The task
The records that follow must all be duplicated exactly.

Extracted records
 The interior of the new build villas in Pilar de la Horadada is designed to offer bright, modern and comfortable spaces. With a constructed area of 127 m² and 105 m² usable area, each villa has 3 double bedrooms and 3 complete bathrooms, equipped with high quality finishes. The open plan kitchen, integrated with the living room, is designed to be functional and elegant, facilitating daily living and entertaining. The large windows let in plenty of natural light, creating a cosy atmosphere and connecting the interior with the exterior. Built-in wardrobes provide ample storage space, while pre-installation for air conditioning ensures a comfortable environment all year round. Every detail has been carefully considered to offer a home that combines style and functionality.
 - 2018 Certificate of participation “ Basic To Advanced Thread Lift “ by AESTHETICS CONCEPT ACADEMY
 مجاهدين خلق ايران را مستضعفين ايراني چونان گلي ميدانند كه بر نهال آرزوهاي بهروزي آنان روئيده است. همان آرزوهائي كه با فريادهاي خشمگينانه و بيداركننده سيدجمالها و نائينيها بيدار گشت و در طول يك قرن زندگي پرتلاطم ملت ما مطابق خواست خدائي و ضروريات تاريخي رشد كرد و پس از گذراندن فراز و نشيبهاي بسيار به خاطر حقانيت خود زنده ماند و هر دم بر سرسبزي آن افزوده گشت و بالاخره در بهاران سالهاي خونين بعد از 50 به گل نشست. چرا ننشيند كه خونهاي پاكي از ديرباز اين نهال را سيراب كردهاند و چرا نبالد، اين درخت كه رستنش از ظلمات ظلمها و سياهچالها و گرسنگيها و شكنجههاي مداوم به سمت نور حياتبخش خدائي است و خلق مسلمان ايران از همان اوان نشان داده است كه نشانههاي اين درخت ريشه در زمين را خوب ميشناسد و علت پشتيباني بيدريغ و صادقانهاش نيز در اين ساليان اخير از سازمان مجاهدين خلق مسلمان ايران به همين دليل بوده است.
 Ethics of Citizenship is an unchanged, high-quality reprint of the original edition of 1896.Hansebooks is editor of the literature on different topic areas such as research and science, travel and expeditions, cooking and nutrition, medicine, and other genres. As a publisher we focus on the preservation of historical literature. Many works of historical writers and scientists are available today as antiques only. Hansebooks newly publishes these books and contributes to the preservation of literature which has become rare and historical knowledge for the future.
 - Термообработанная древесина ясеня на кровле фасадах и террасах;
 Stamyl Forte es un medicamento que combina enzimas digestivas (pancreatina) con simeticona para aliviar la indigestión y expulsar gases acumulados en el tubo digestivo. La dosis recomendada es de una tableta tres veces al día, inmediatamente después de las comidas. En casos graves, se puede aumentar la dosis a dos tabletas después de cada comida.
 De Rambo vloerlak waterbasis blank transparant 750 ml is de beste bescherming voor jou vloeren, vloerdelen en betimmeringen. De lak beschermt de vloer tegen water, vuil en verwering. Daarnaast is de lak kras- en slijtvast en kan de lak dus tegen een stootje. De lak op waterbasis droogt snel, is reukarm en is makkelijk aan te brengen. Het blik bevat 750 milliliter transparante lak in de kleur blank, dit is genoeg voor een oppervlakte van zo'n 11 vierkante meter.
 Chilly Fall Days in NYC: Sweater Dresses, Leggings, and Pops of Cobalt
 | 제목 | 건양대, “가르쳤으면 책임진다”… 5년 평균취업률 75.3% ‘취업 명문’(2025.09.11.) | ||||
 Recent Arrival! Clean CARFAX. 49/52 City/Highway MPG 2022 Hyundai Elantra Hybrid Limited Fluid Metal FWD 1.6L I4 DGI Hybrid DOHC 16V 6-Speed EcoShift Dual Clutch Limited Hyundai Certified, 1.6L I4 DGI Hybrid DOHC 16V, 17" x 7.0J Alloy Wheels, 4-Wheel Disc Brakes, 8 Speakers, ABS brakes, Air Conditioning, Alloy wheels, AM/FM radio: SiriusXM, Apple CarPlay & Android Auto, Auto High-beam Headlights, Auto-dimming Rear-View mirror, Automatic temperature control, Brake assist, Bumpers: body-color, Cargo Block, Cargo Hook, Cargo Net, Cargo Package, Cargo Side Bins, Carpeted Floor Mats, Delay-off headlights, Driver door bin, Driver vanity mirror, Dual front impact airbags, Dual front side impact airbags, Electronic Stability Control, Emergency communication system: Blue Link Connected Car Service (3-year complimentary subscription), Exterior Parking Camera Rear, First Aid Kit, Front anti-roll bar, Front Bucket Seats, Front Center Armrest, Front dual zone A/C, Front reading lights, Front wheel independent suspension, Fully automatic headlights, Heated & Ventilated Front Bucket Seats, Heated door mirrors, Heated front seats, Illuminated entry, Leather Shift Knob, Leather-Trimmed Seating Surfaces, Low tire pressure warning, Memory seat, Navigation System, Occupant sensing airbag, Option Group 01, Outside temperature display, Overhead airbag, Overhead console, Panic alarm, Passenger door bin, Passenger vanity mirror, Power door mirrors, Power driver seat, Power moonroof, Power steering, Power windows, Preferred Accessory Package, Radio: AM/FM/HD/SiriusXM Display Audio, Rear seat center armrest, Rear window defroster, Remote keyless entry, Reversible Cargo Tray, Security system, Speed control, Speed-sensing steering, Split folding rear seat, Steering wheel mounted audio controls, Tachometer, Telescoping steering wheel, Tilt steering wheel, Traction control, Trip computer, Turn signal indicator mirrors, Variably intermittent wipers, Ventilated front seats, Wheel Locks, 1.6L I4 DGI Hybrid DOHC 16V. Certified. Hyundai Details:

Output for this task
 The interior of the new build villas in Pilar de la Horadada is designed to offer bright, modern and comfortable spaces. With a constructed area of 127 m² and 105 m² usable area, each villa has 3 double bedrooms and 3 complete bathrooms, equipped with high quality finishes. The open plan kitchen, integrated with the living room, is designed to be functional and elegant, facilitating daily living and entertaining. The large windows let in plenty of natural light, creating a cosy atmosphere and connecting the interior with the exterior. Built-in wardrobes provide ample storage space, while pre-installation for air conditioning ensures a comfortable environment all year round. Every detail has been carefully considered to offer a home that combines style and functionality.
 - 2018 Certificate of participation “ Basic To Advanced Thread Lift “ by AESTHETICS CONCEPT ACADEMY
 مجاهدين خلق ايران را مستضعفين ايراني چونان گلي ميدانند كه بر نهال آرزوهاي بهروزي آنان روئيده است. همان آرزوهائي كه با فريادهاي خشمگينانه و بيداركننده سيدجمالها و نائينيها بيدار گشت و در طول يك قرن زندگي پرتلاطم ملت ما مطابق خواست خدائي و ضروريات تاريخي رشد كرد و پس از گذراندن فراز و نشيبهاي بسيار به خاطر حقانيت خود زنده ماند و هر دم بر سرسبزي آن افزوده گشت و بالاخره در بهاران سالهاي خونين بعد از 50 به گل نشست. چرا ننشيند كه خونهاي پاكي از ديرباز اين نهال را سيراب كردهاند و چرا نبالد، اين درخت كه رستنش از ظلمات ظلمها و سياهچالها و گرسنگيها و شكنجههاي مداوم به سمت نور حياتبخش خدائي است و خلق مسلمان ايران از همان اوان نشان داده است كه نشانههاي اين درخت ريشه در زمين را خوب ميشناسد و علت پشتيباني بيدريغ و صادقانهاش نيز در اين ساليان اخير از سازمان مجاهدين خلق مسلمان ايران به همين دليل بوده است.
 Ethics of Citizenship is an unchanged, high-quality reprint of the original edition of 1896.Hansebooks is editor of the literature on different topic areas such as research and science, travel and expeditions, cooking and nutrition, medicine, and other genres. As a publisher we focus on the preservation of historical literature. Many works of historical writers and scientists are available today as antiques only. Hansebooks newly publishes these books and contributes to the preservation of literature which has become rare and historical knowledge for the future.
 - Термообработанная древесина ясеня на кровле фасадах и террасах;
 Stamyl Forte es un medicamento que combina enzimas digestivas (pancreatina) con simeticona para aliviar la indigestión y expulsar gases acumulados en el tubo digestivo. La dosis recomendada es de una tableta tres veces al día, inmediatamente después de las comidas. En casos graves, se puede aumentar la dosis a dos tabletas después de cada comida.
 De Rambo vloerlak waterbasis blank transparant 750 ml is de beste bescherming voor jou vloeren, vloerdelen en betimmeringen. De lak beschermt de vloer tegen water, vuil en verwering. Daarnaast is de lak kras- en slijtvast en kan de lak dus tegen een stootje. De lak op waterbasis droogt snel, is reukarm en is makkelijk aan te brengen. Het blik bevat 750 milliliter transparante lak in de kleur blank, dit is genoeg voor een oppervlakte van zo'n 11 vierkante meter.
 Chilly Fall Days in NYC: Sweater Dresses, Leggings, and Pops of Cobalt
 | 제목 | 건양대, “가르쳤으면 책임진다”… 5년 평균취업률 75.3% ‘취업 명문’(2025.09.11.) | ||||
 Recent Arrival! Clean CARFAX. 49/52 City/Highway MPG 2022 Hyundai Elantra Hybrid Limited Fluid Metal FWD 1.6L I4 DGI Hybrid DOHC 16V 6-Speed EcoShift Dual Clutch Limited Hyundai Certified, 1.6L I4 DGI Hybrid DOHC 16V, 17" x 7.0J Alloy Wheels, 4-Wheel Disc Brakes, 8 Speakers, ABS brakes, Air Conditioning, Alloy wheels, AM/FM radio: SiriusXM, Apple CarPlay & Android Auto, Auto High-beam Headlights, Auto-dimming Rear-View mirror, Automatic temperature control, Brake assist, Bumpers: body-color, Cargo Block, Cargo Hook, Cargo Net, Cargo Package, Cargo Side Bins, Carpeted Floor Mats, Delay-off headlights, Driver door bin, Driver vanity mirror, Dual front impact airbags, Dual front side impact airbags, Electronic Stability Control, Emergency communication system: Blue Link Connected Car Service (3-year complimentary subscription), Exterior Parking Camera Rear, First Aid Kit, Front anti-roll bar, Front Bucket Seats, Front Center Armrest, Front dual zone A/C, Front reading lights, Front wheel independent suspension, Fully automatic headlights, Heated & Ventilated Front Bucket Seats, Heated door mirrors, Heated front seats, Illuminated entry, Leather Shift Knob, Leather-Trimmed Seating Surfaces, Low tire pressure warning, Memory seat, Navigation System, Occupant sensing airbag, Option Group 01, Outside temperature display, Overhead airbag, Overhead console, Panic alarm, Passenger door bin, Passenger vanity mirror, Power door mirrors, Power driver seat, Power moonroof, Power steering, Power windows, Preferred Accessory Package, Radio: AM/FM/HD/SiriusXM Display Audio, Rear seat center armrest, Rear window defroster, Remote keyless entry, Reversible Cargo Tray, Security system, Speed control, Speed-sensing steering, Split folding rear seat, Steering wheel mounted audio controls, Tachometer, Telescoping steering wheel, Tilt steering wheel, Traction control, Trip computer, Turn signal indicator mirrors, Variably intermittent wipers, Ventilated front seats, Wheel Locks, 1.6L I4 DGI Hybrid DOHC 16V. Certified. Hyundai Details:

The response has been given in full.